Natural habitat and lifecycle

Hydractinia symbiolongicarpus and H. echinata are sister species of colonial hydrozoan cnidarians. H. symbiolongicarpus occurs along the eastern coast of North America, from Maine to South Carolina [1]. H. echinata is found along North European Atlantic coasts [2]. In the field, they are found exclusively on gastropod shells occupied by hermit crabs (e.g., Pagurus longicarpus). Colonies consist of polyps specialized for feeding, reproduction, or defense, which grow from a sheet of tissue called the stolonal mat (Fig. 1a). Unlike many of its hydrozoan relatives, Hydractinia does not produce a free-living medusa stage (jellyfish). Instead, gametes mature in a rudimentary medusoid that remains attached to sexual polyps (Fig. 1b). All polyps within a colony are clonally derived and therefore genetically identical. The mat consists of two epidermal cell layers, which sandwich a network of gastrodermal canals connecting polyps to each other and forming a gastrovascular system. Colonies grow by expanding the edge of the mat or by elongating individual stolons, extensions of gastrovascular canals encased in a thin, chitinous integument called the periderm. Colonies are dioecious and spawn about 90 min after first light. Eggs sink to the bottom after fertilization and develop into a planula larva within 2–3 days (Fig. 1b). Mature larvae latch onto a passing hermit crab shell by firing nematocysts located in their posterior ends [3]. Once on the shell, the larvae metamorphose into a primary polyp in response to a bacterial cue [4]. The juvenile colony then grows as described above, frequently covering the entire shell.

Fig. 1
figure 1

(image in b from Ref. [18] and licensed under CC BY 4.0 (link: https://creativecommons.org/licenses/by/4.0/))

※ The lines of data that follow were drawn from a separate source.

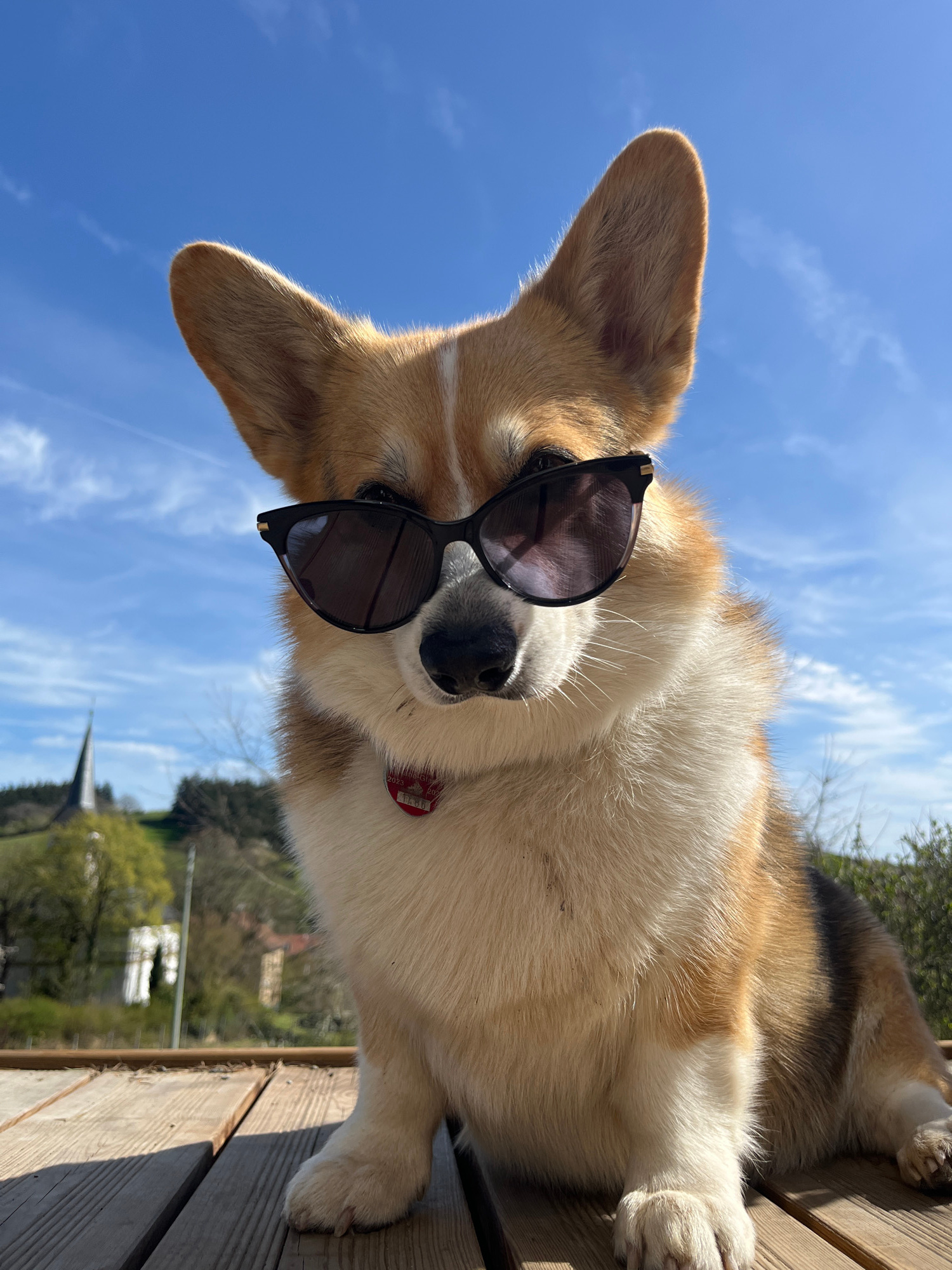 A dog wearing sunglasses is lying on a wooden surface. The dog is a corgi. A blue sky with light clouds is in the background. Trees and a building with a steeple are in the background. The location is…read more
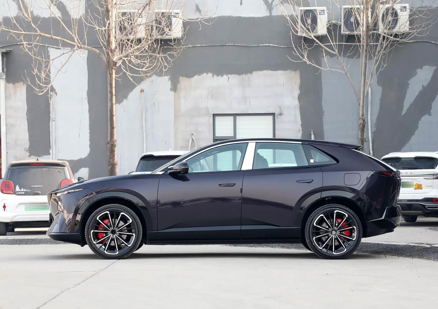 再来看车身侧面部分,EZ-60采用低重心俯冲姿态,溜背线条从车顶自然延伸至车尾,搭配悬浮式车顶与隐藏式门把手,勾勒出优雅动感的轿跑SUV姿态。4850/1935/1620mm的车身尺寸与2902mm的轴距,保证了车内空间的同时,又让车身比例显得修长协调。细节处的设计同样彰显用心,前后轮眉及车门下边缘采用亮黑色材质包覆,加入“MAZDA”英文标识,精致感十足。21英寸的大尺寸铝合金轮毂搭配低扁平比轮胎,进一步强化了运动气质。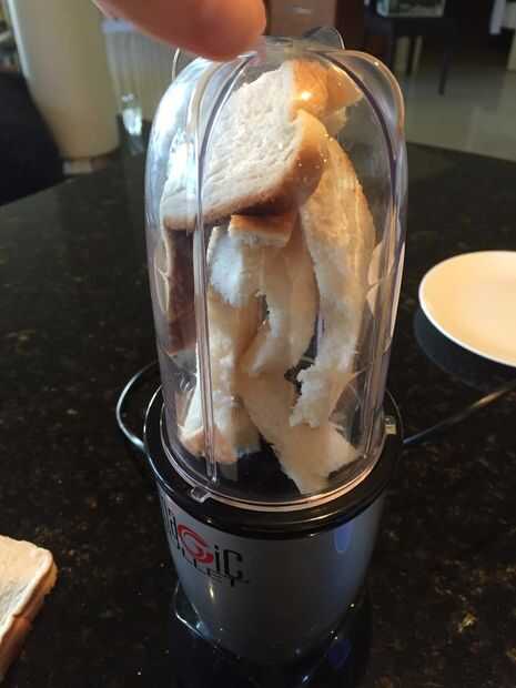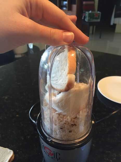 Conseguir 4 rebanadas de pan y colocarlas en un procesador de alimentos y mezcla hasta que salen como migas muy finas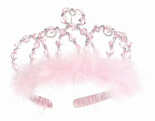 Transparente rosa Perlen mit silbernen Akzenten sind kunstvoll verwoben und bilden diese Prinzessinnen-Tiara. Eine mit rosa Bändern umwickelte Basis ist zusätzlich mit rosa Marabou und klaren Kämmen verziert. Diese Prinzessinnen-Tiara passt zu allem. empfohlen...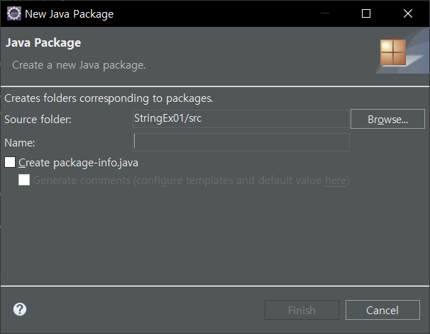 패키지를 만들면 프로젝트 하위에 물리적으로 디렉토리가 생성됩니다.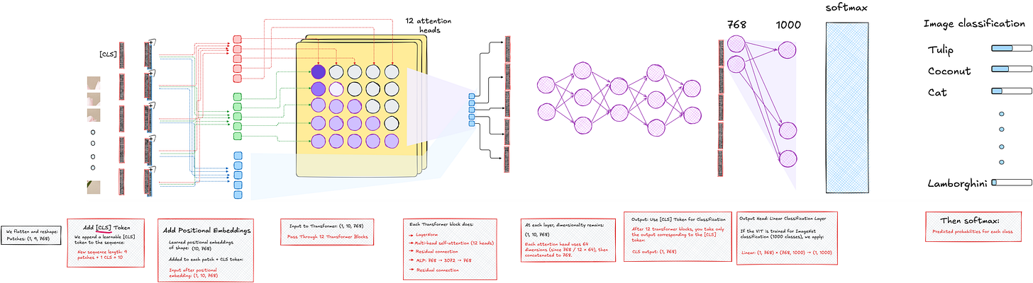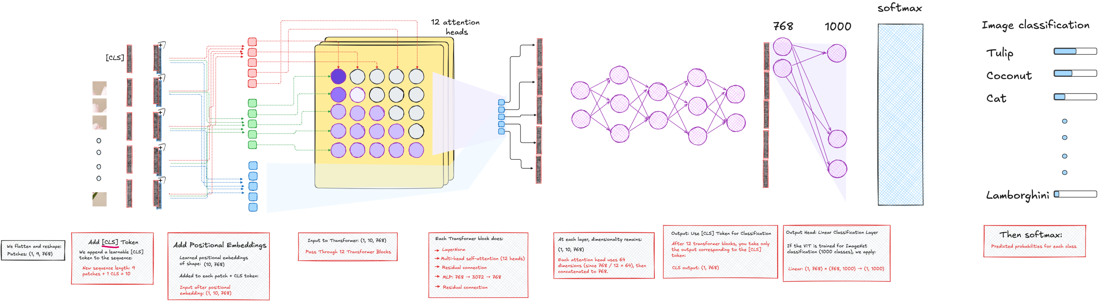 The resulting sequence is then fed into a transformer encoder. Each encoder block consists of multi-head attention, layer normalization, residual connections, and an MLP. After several such blocks, we extract the CLS token and pass it through another MLP head to perform classification.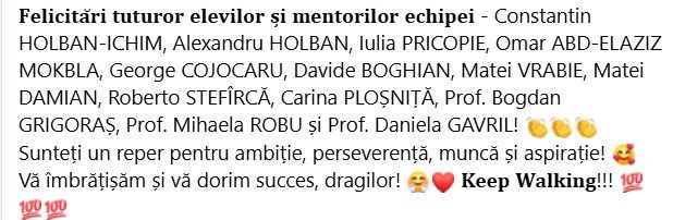 „Împreună putem construi mai mult decât un robot – putem construi viitorul”, transmit membrii echipei.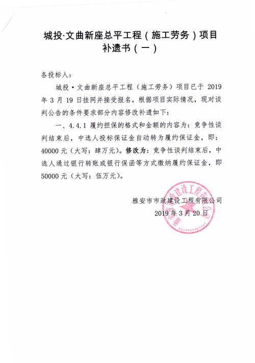 城投·文曲新座總平工程(施工勞務(wù))競爭性談判公告補遺一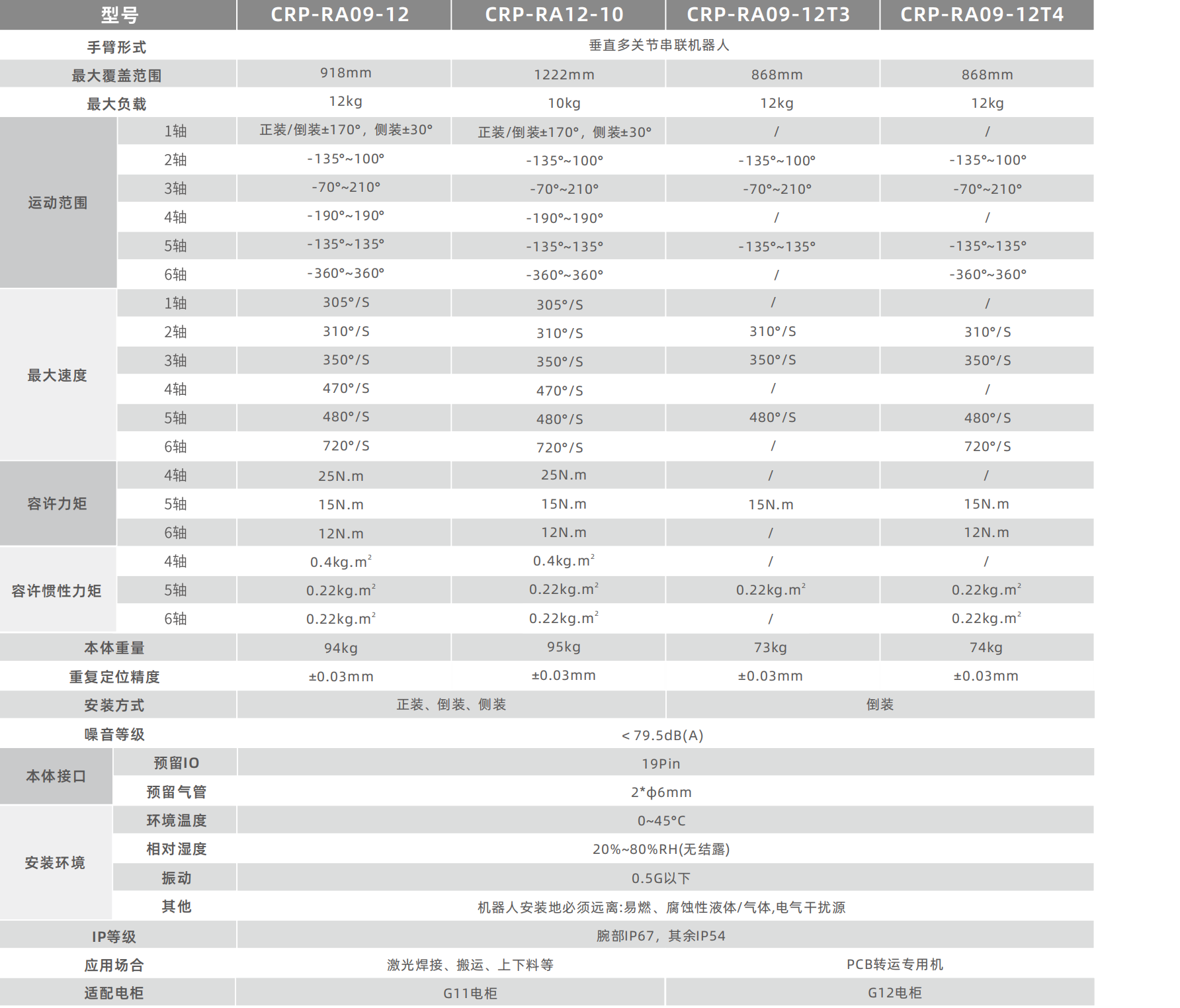 • 本体采用高刚性设计方案,其刚性更高。内部全封闭方案,小臂防护等级达IP67,负载更大,范围更广,机器人负载12kg,臂展为900mm,机器人手腕具备更高的扭矩和惯量,负载承受能力更强,应用的场景更广。

Hydractinia morphology, life history, and culture. a Colony growing on a microscope slide. Major morphological structures are labeled. This colony was explanted from a larger colony. The yellow-brown rectangle at the center is a layer of chitin that is slowly deposited below the mat as the colony grows and indicates the outline of the original explant. Scale bar = 1 mm. b Life cycle of Hydractinia. c Typical setup of a 39-L glass aquarium for culturing Hydractinia

Lab culture and field collection

Hydractinia can be cultured in the lab with supplies available at most aquarium stores (Fig. 1c). A typical setup is a 39-L glass aquarium filled with any commercial artificial seawater (29–32 ppt) and maintained at 18–22 °C. Colonies grow best with ample water movement, thus a power head (usually one designed for a 110 L tank) is attached to the side of the tank. Hydractinia is sensitive to the accumulation of ammonia and nitrites. Biological filtration is therefore provided with an external filter or an internal sponge filter and second power head. Phosphates can also inhibit colony growth but are controlled by placing small bags of phosphate absorbing media in each tank. With this in place, a weekly 25% water change is enough to maintain healthy colonies.

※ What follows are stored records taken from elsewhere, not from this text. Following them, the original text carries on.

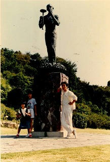 (牧野富太郎博士の銅像の前でポーズをとっている若き日の私、スマートだったなぁ)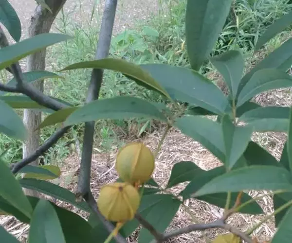 被腺体,具1-3雌花。雌 花卵形或阔椭圆形,密被橙黄色腺体,长约5-6毫米,总苞的裂片被有毛及腺体,外侧1 片(即苞片)显著较长,钻状线形。果实倒卵形,向基部渐狭,幼时具4狭翅状的纵棱,密被橙黄色腺体,成熟时腺体变稀疏,纵棱亦变成不显著;外果皮干燥后革质,厚约2-3毫米, 沿纵棱裂开成4瓣;果核倒卵形或椭圆状卵形,有时略侧扁,具极不显著的4纵棱,顶端急尖而具1短凸尖,20-25毫米长,直径15-20毫米;内果皮硬,淡灰黄褐色,1毫米厚; 隔膜内及壁内无空隙;子叶2深裂。4-5月开花,9月果成熟。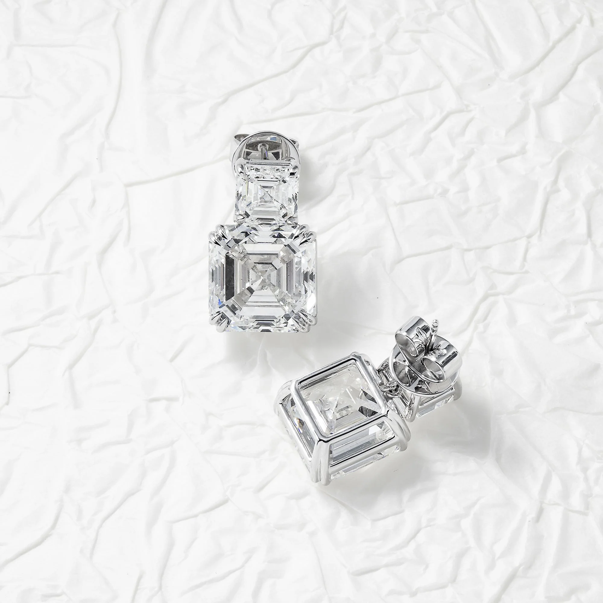 18K White Gold Double Asscher Cut Diamond Short Drop Earrings 24.43ctw
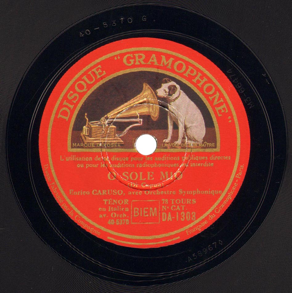'O sole mio (par. Giovanni Capurro / mus. Eduardo Di Capua) Enrico Caruso et Orchestre dir. Walter B. Rogers Victor 87243, mat. B-17124, enr. à Camden, New Jersey, le 05 février 1916 (a) réenregistré à Camden le 15 août 1932 avec le Victor Symphony Orchestra dirigé par Nathaniel Shilkret sur Gramophone DA 1303, mat. 40 5370 (b)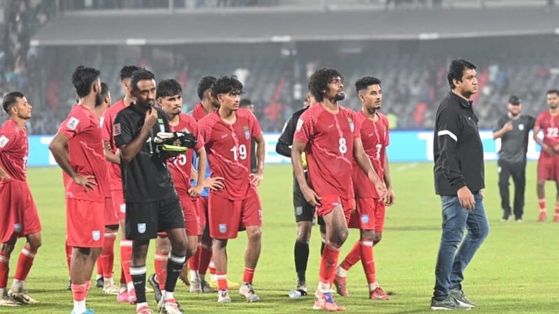নিজস্ব প্রতিবেদকঃ এশিয়ান কাপ বাছাইয়ের তৃতীয় রাউন্ডে শেষ মুহূর্তে হতাশার হার দেখেছে বাংলাদেশ। হংকং, চায়নার বিপক্ষে ম্যাচে দীর্ঘ সময় ৩-১ গোলে পিছিয়ে থাকার পর ৮৪ ও যোগ করা সময়ের নবম মিনিটে সমতায় ফেরে হ্যাভিয়ের ক্যাবরেরার দল। কিন্তু রেফারির শেষ বাঁশি বাজানোর আগমুহূর্তে হামজা চৌধুরী-সামিত সোম-শেখ মোরসালিনদের হতাশার সাগরে ডুবিয়ে হ্যাটট্রিক পূর্ণ করেন হংকংয়ের রাফায়েল মার্কিস। ফলে বাংলাদেশ হারল ৪-৩ ব্যবধানে।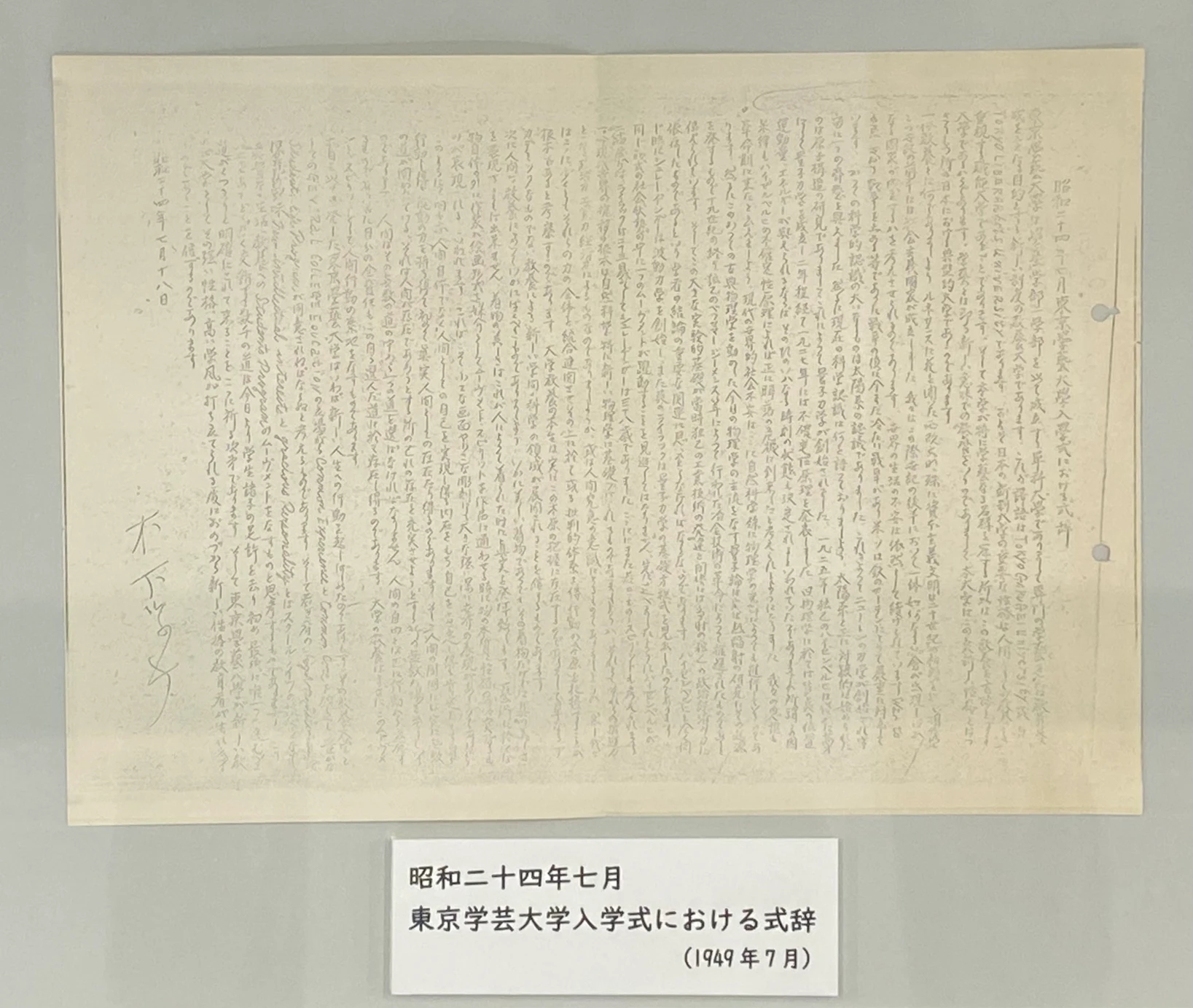 こちらの資料は、木下一雄初代学長の第1回入学式の式辞です。第1回入学式は1949年7月18日に世田谷分校講堂で挙行されました。この式辞において木下学長は、東京学芸大学について「専門の学芸を究め教員養成を主たる目的とする新しい制度の教養大学」であると述べています。

To establish a Hydractinia culture from a field-collected animal, a piece of the colony bearing several feeding polyps is excised from its shell with a sharp blade and then tied with thread to a standard 25 × 75 mm glass microscope slide. The thread is removed after the explant attaches to the slide. This colony can then be propagated indefinitely by explanting it onto new slides. The slides can be stored in a histology slide box with the cover removed and the bottom cut out, which is placed at the bottom of the tank.

Hydractinia can also be bred in the lab. This is done by keeping them on a regular dark:light cycle (e.g., 8 h:16 h). Approximately an hour and a half after turning on the lights, eggs and sperm are spawned and can be combined in artificial seawater in a Petri dish, where fertilized eggs begin embryonic development. After 3–4 days, the resulting larvae may be induced to settle by incubating them for 2–3 h in 100 mM CsCl and subsequently placing them on a new microscope slide. There, larvae metamorphose into a primary polyp, which is competent to feed within 1–3 days post-metamorphosis. Despite the predictable, light-induced spawning, spawning may occasionally occur at other times. It is therefore advisable to keep male and female colonies in separate tanks to prevent the uncontrolled production of larvae.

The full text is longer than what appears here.